Logistic regression has shown highest accuracy followed by SVM and Random Forest. 

## 7. Applying K-Fold Cross Validation

In [75]:
from sklearn.model_selection import cross_val_score

#logistic regression
accuracies_log_reg = cross_val_score(estimator = log_reg, X = X_train, y = y_train, cv = 10)

#SVM
accuracies_svm = cross_val_score(estimator = svm_classifier, X = X_train, y = y_train, cv = 10)

#knn
accuracies_knn = cross_val_score(estimator = knn_classifier, X = X_train, y = y_train, cv = 10)

#Kernel SVM
accuracies_kernel_svm = cross_val_score(estimator = kernel_svm, X = X_train, y = y_train, cv = 10)

#Naive Bayes
accuracies_nb = cross_val_score(estimator = nb, X = X_train, y = y_train, cv = 10)

#Decision Tree Classifier
accuracies_dt = cross_val_score(estimator = dt, X = X_train, y = y_train, cv = 10)

#Random Forest
accuracies_rf = cross_val_score(estimator = rf, X = X_train, y = y_train, cv = 10)

#XGBoost
accuracies_xgb = cross_val_score(estimator = xgb, X= X_train, y = y_train, cv = 10)

print("\n")
print("Accuracy from Logistic Regression:       {:.2f} %" .format(accuracies_log_reg.mean()*100))
print("Standard Deviation:                      {:.2f} %" .format(accuracies_log_reg.std()*100))
print("\n")
print("Accuracy from SVM Classifier:            {:.2f} %" .format(accuracies_svm.mean()*100))
print("Standard Deviation:                      {:.2f} %" .format(accuracies_svm.std()*100))
print("\n")
print("Accuracy from KNN Classifier:            {:.2f} %" .format(accuracies_knn.mean()*100))
print("Standard Deviation:                      {:.2f} %" .format(accuracies_knn.std()*100))
print("\n")
print("Accuracy from Kernel SVM:                {:.2f} %" .format(accuracies_kernel_svm.mean()*100))
print("Standard Deviation:                      {:.2f} %" .format(accuracies_kernel_svm.std()*100))
print("\n")
print("Accuracy from Naive Bayes Classifier:    {:.2f} %" .format(accuracies_nb.mean()*100))
print("Standard Deviation:                      {:.2f} %" .format(accuracies_nb.std()*100))
print("\n")
print("Accuracy from Decision Tree Classifier:  {:.2f} %" .format(accuracies_dt.mean()*100))
print("Standard Deviation:                      {:.2f} %" .format(accuracies_dt.std()*100))
print("\n")
print("Accuracy from Random Forest Classifier:  {:.2f} %" .format(accuracies_rf.mean()*100))
print("Standard Deviation:                      {:.2f} %" .format(accuracies_rf.std()*100))
print("\n")
print("Accuracy from XGBoost:                   {:.2f} %" .format(accuracies_xgb.mean()*100))
print("Standard Deviation:                      {:.2f} %" .format(accuracies_xgb.std()*100))
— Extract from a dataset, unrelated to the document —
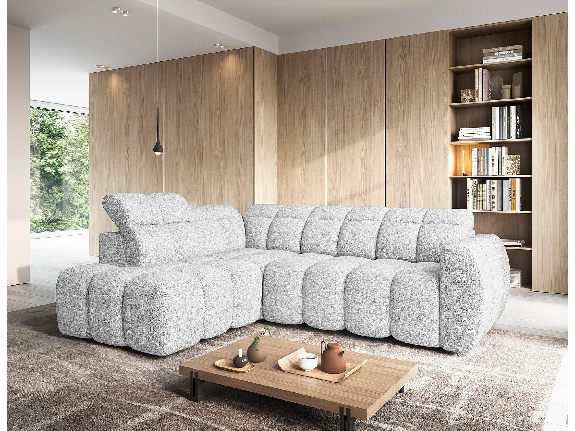 Canapé d’angle convertible 4 places tissu BOBOON 258cm – Coffre de rangement-Gris clair-angle gauche

#print("Standard Deviation_Logistic Regression: {:.2f} %" .format(accuracies_log_reg.std()*100))
#print("Standard Deviation_SVM Classifier:      {:.2f} %" .format(accuracies_svm.std()*100))
#print("Standard Deviation_KNN Classifier:      {:.2f} %" .format(accuracies_knn.std()*100))
#print("Standard Deviation_Kernel_SVM:          {:.2f} %" .format(accuracies_kernel_svm.std()*100))
#print("Standard Deviation_Naive Bayes:         {:.2f} %" .format(accuracies_nb.std()*100))
#print("Standard Deviation_Decision Tree:       {:.2f} %" .format(accuracies_dt.std()*100))
#print("Standard Deviation_Random Forest:       {:.2f} %" .format(accuracies_rf.std()*100))
#print("Standard Deviation_ XGBoost:            {:.2f} %" .format(accuracies_xgb.std()*100))



Accuracy from Logistic Regression:       96.34 %
Standard Deviation:                      2.02 %


Accuracy from SVM Classifier:            96.70 %
Standard Deviation:                      1.61 %


Accuracy from KNN Classifier:            96.52 %
Standard Deviation:                      2.09 %


Accuracy from Kernel SVM:                96.70 %
Standard Deviation:                      1.81 %


Accuracy from Naive Bayes Classifier:    96.33 %
Standard Deviation:                      2.33 %


Accuracy from Decision Tree Classifier:  95.05 %
Standard Deviation:                      2.61 %


Accuracy from Random Forest Classifier:  95.60 %
Standard Deviation:                      1.68 %


Accuracy from XGBoost:                   96.52 %
Standard Deviation:                      1.72 %


Applying 10 fold cross validation has improved the accuracies of all the models, except logistic regression.  

Overall, **logistic regression model** has performed better in predicting whether the given tumor is beingn or malignant.